Available data Start Marker

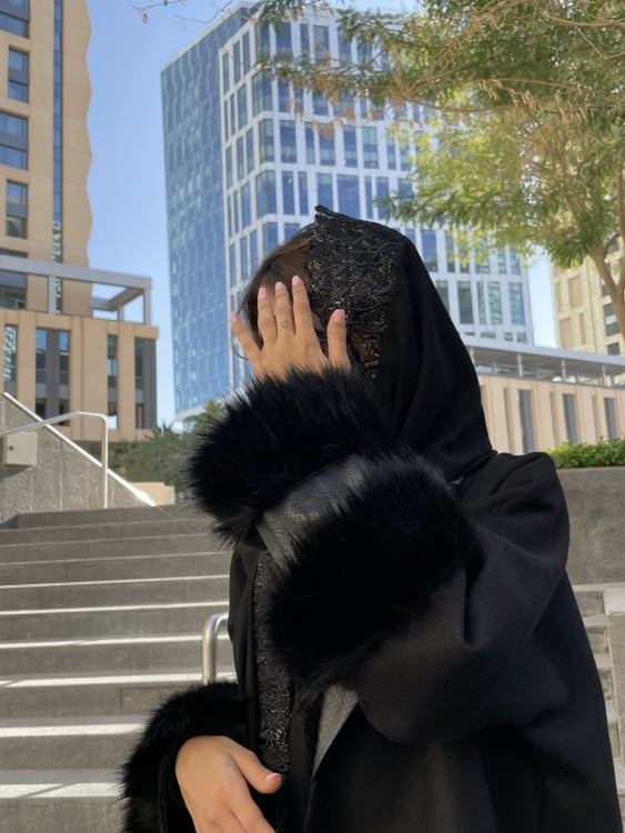 التفاصيل : القماش جوخ + جلد + فرو القصه نص كلوش
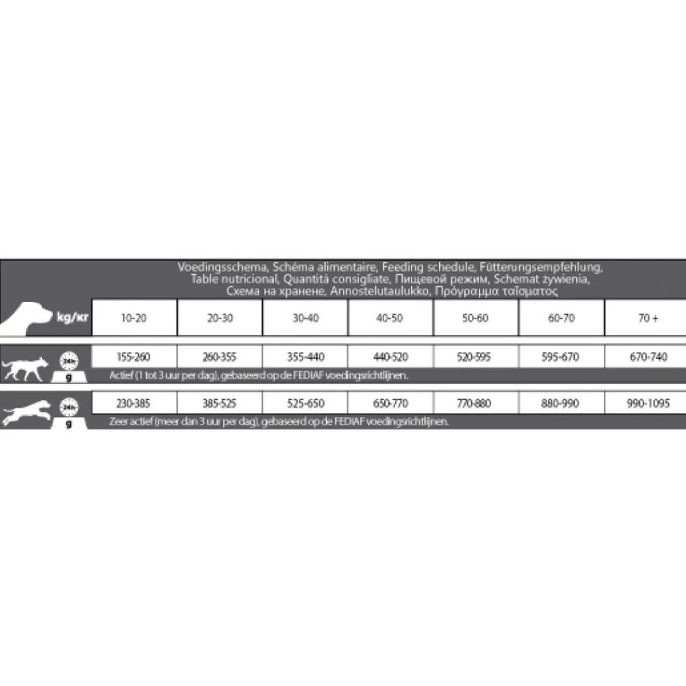In onderstaand voerschema lees je de dagelijkse voerhoeveelheid af. Verdeel deze hoeveelheid voer over twee of meer maaltijden per dag. Het voerschema is gebaseerd op gemiddelden. Houd daarom altijd de conditie van je hond goed in de gaten en pas de hoeveelheid voer hier eventueel op aan of neem contact met ons op voor advies. Zorg ervoor dat er altijd vers en schoon drinkwater beschikbaar is.
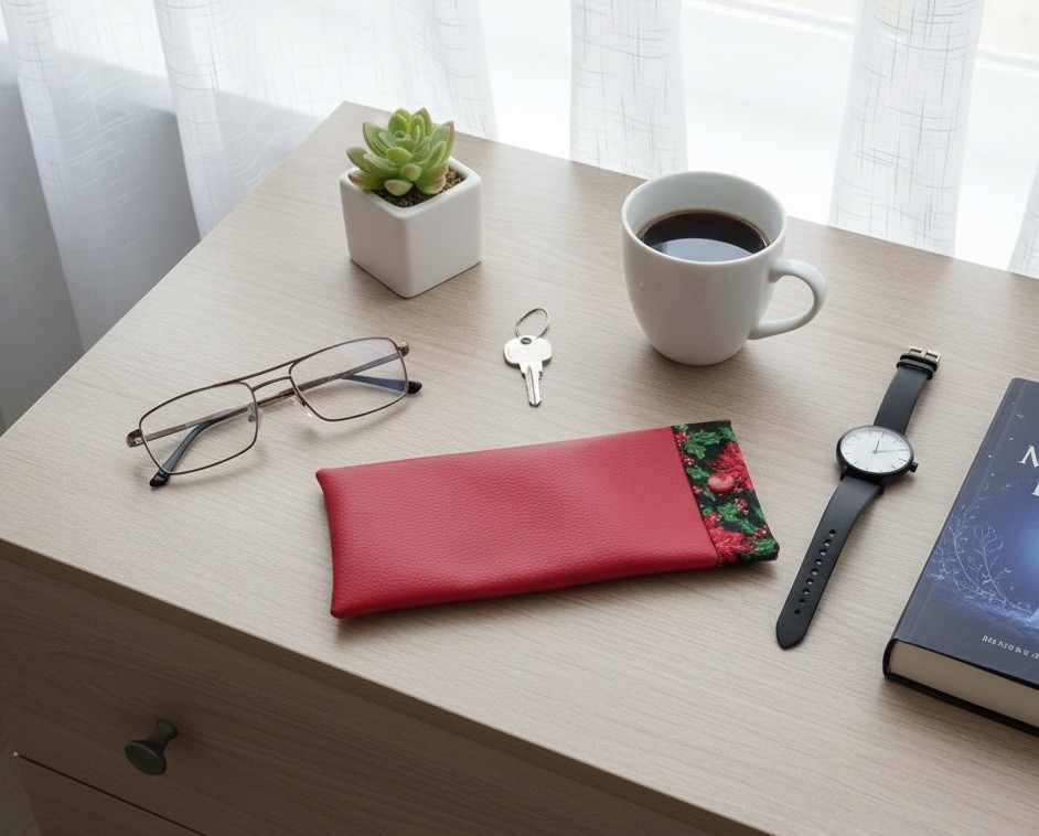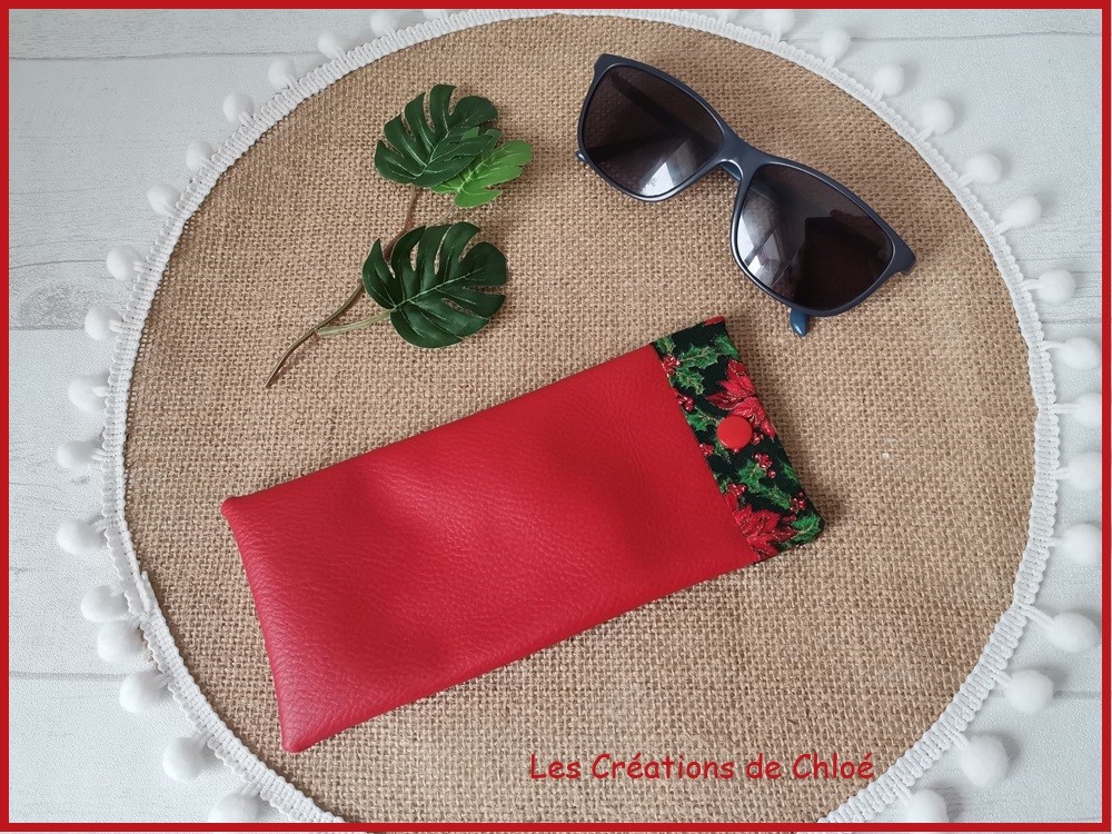 Etui à lunette en simili cuir rouge et tissus motif fleurs

Available data End Marker

Return only the lines from the one that contains "In onderstaand voerschema" through the closing line of the data, inclusive, reproduced exactly and with every picture left out.

Result:
In onderstaand voerschema lees je de dagelijkse voerhoeveelheid af. Verdeel deze hoeveelheid voer over twee of meer maaltijden per dag. Het voerschema is gebaseerd op gemiddelden. Houd daarom altijd de conditie van je hond goed in de gaten en pas de hoeveelheid voer hier eventueel op aan of neem contact met ons op voor advies. Zorg ervoor dat er altijd vers en schoon drinkwater beschikbaar is.
 Etui à lunette en simili cuir rouge et tissus motif fleurs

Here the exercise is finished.